侍郎树皮般的脸上满是皱纹,浑浊的双眼里却透出精光,那双干瘦的手掐着我,撕扯我的衣裳。
我害怕至极,一边挣扎,一边憋着泪喊着兄长。
那老头眼中满是疯狂的骇人的兴奋,他嗬嗬大笑,声音嘶哑难听如破风箱。
「嗬嗬嗬……你兄长卖了你,你还替他数银子呢。」
我一手死死按住衣领,一手攥紧手中的信。
「胡说八道,你滚开,敢碰我,我兄长饶不了你。」
那老头理理衣襟。
「咳咳,子清,进来吧。」
话音刚落,一个熟悉的端方身影端着托盘缓缓进来,步伐平稳。
兄长的身影逆着光,我提着的一口气慢慢松了下去,鼻头一酸,眼泪就涌了出来。
很快我察觉到了不对。
兄长对我的求助充耳不闻,对我的眼泪视而不见。
托盘里放着的赫然是用来捆住我的绳子,亵玩我的道具。
兄长对老头毕恭毕敬的行礼,腰弯的极低,慢慢的退了出去。
他站在门外,熟悉的剪影投在窗户上。
他说幸不辱命。
他说带走宅子里下人,祝大人玩的开心。
胡子花白的侍郎看着我呆滞死寂的神情,笑声透着不正常的兴奋。
他用爬满皱纹的干瘦的手掐我,将我死死按在身下咬我。
他抽出我手中的信封。
「这是我留给你兄长的升迁重任,你要不要看看。」
被我捏的皱成一团的信纸展开,上面只有一行略微晕开的字。
【酉时三刻,宋昭,城西私宅。
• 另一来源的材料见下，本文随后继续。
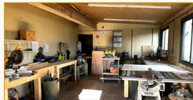
Workshop and Practical Support

"PCYC is about more than boating. It's about community. Through cruising, social events, and shared traditions, the club makes it easy to feel connected and welcomed."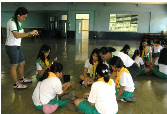
Ovitrap-making was also taught to XU Grade School Girls Scouts to install at their school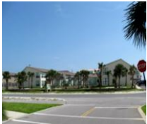
Beachview 8425 Gulf Boulevard Year built 1980 *2/2, 3/3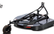
3 pt. rotary cutter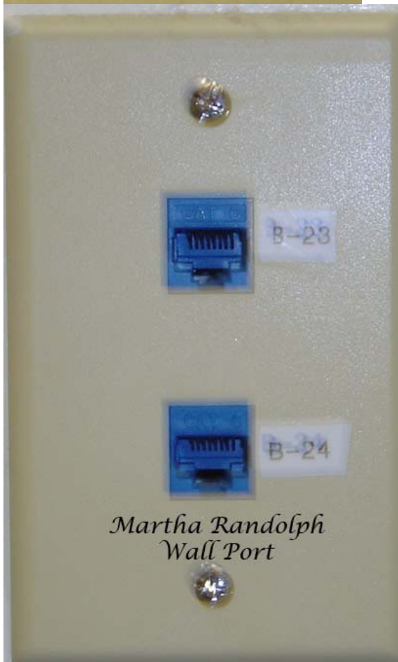
Martha Randolph Wall Port

If you live in Henson Hall, you should look for the BLUE Ethernet jack. Your port number will be located above your Ethernet jack. Please note that your port number will NEVER have a letter “V” in its label.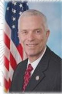
U.S. Congressman Bill Johnson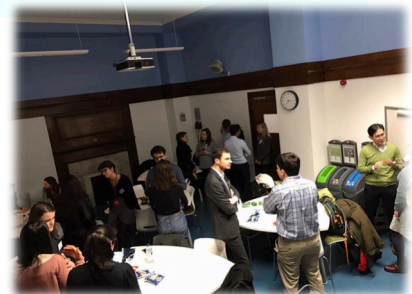
Launch for Mentorship Scheme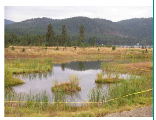
Wetland restoration site, northern Idaho.

http://www.usace.army.mil/cw/cecwo/reg/cwaguide/cwaguide.htm.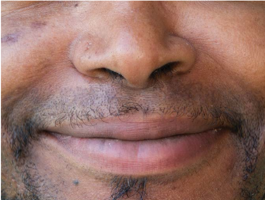
FIGURE 7-1 Large Mouth. This man has a large mouth with full lips especially compared to a refined nose. This mouth indicates a generous nature and strong earth energy because of the fullness of his lips. He is a warm person and gives easily.

forming the shapes to speak words. It is the second most changeable feature on the face, after the eyes. Most major expressions require movement of the mouth. The mobility of the muscles around the mouth and the softness and thinness of the skin of the lips allows people to change its shape and mark it. Unfortunately, most people press down on their lips and make them smaller. However, it has been shown in many studies that women are considered more attractive when they have full lips as this is seen as a sign of sexuality, whereas men are considered more masculine if their lips are not too full.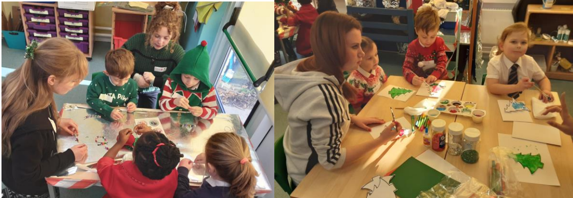
Reception enjoy some fun activities setup from local students from Oak Academy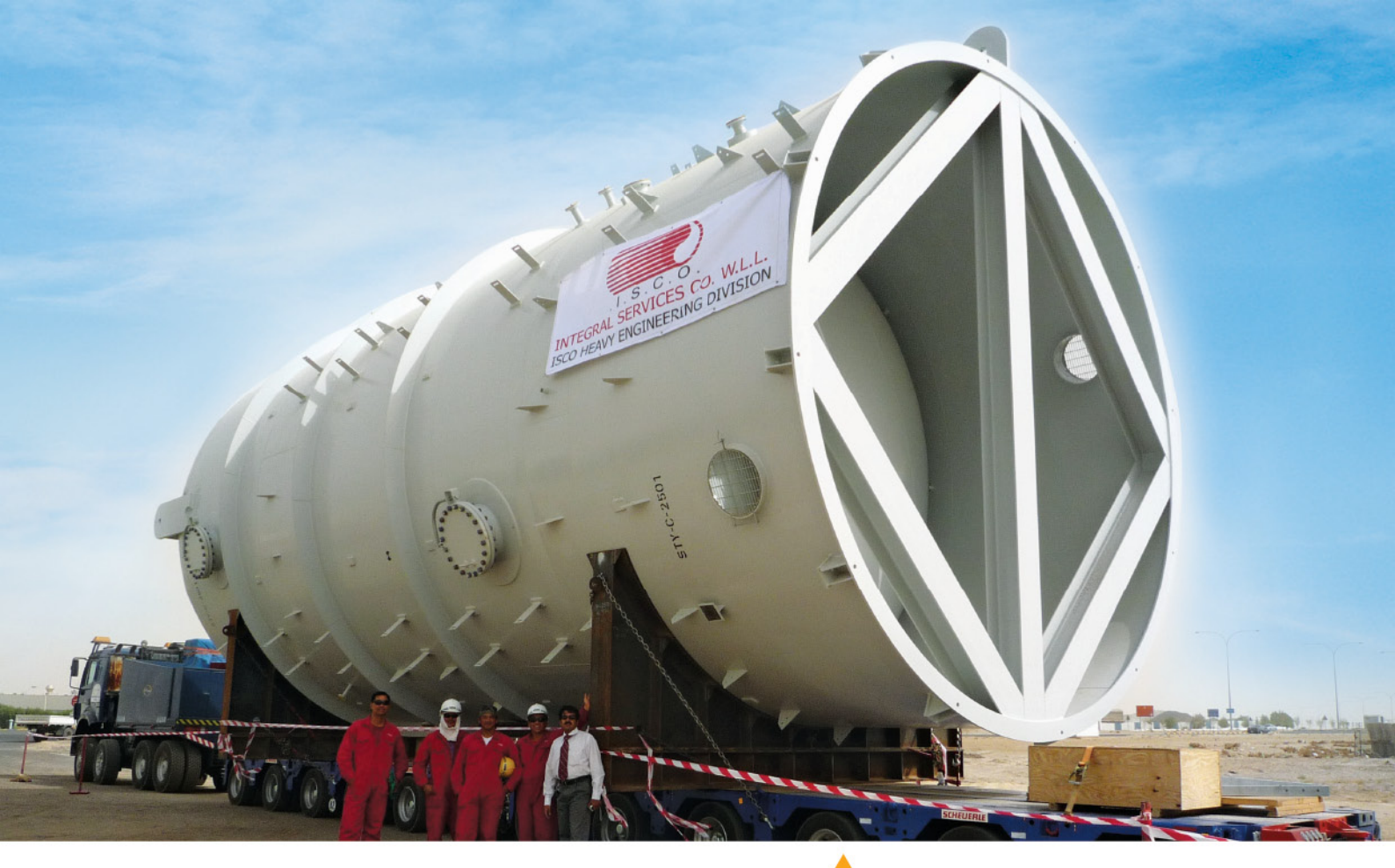
Equate Oilfien II EBSM, Shuaiba L 15m x W 6.7m x H 8.1m G.Wt.110 Ton Delivery Location: Shuaiba Equate. Crossed over busy traffic through Mina Abdullah-Shuaiba Refinery and transported to site.

】
我不敢相信,我感觉心中有什么东西破碎了。
恍惚间不知刚刚进来的是疼爱我的兄长,还是带着兄长面具的妖怪。
我强迫自己冷静下来,挣扎间抄起烛台,狠狠砸向侍郎的脑袋。
慌不择路的乱跑,不知从那个侧门跌了出去。
我衣衫破烂,满身红痕的跌在街边。
路过的人纷纷停下脚步。人群渐渐围了上来。
城西卖桂花糕的娘子抄起一块晾糕的布,快步过来披在我身上,眉头紧蹙,她心疼的扶着我,泪光闪烁。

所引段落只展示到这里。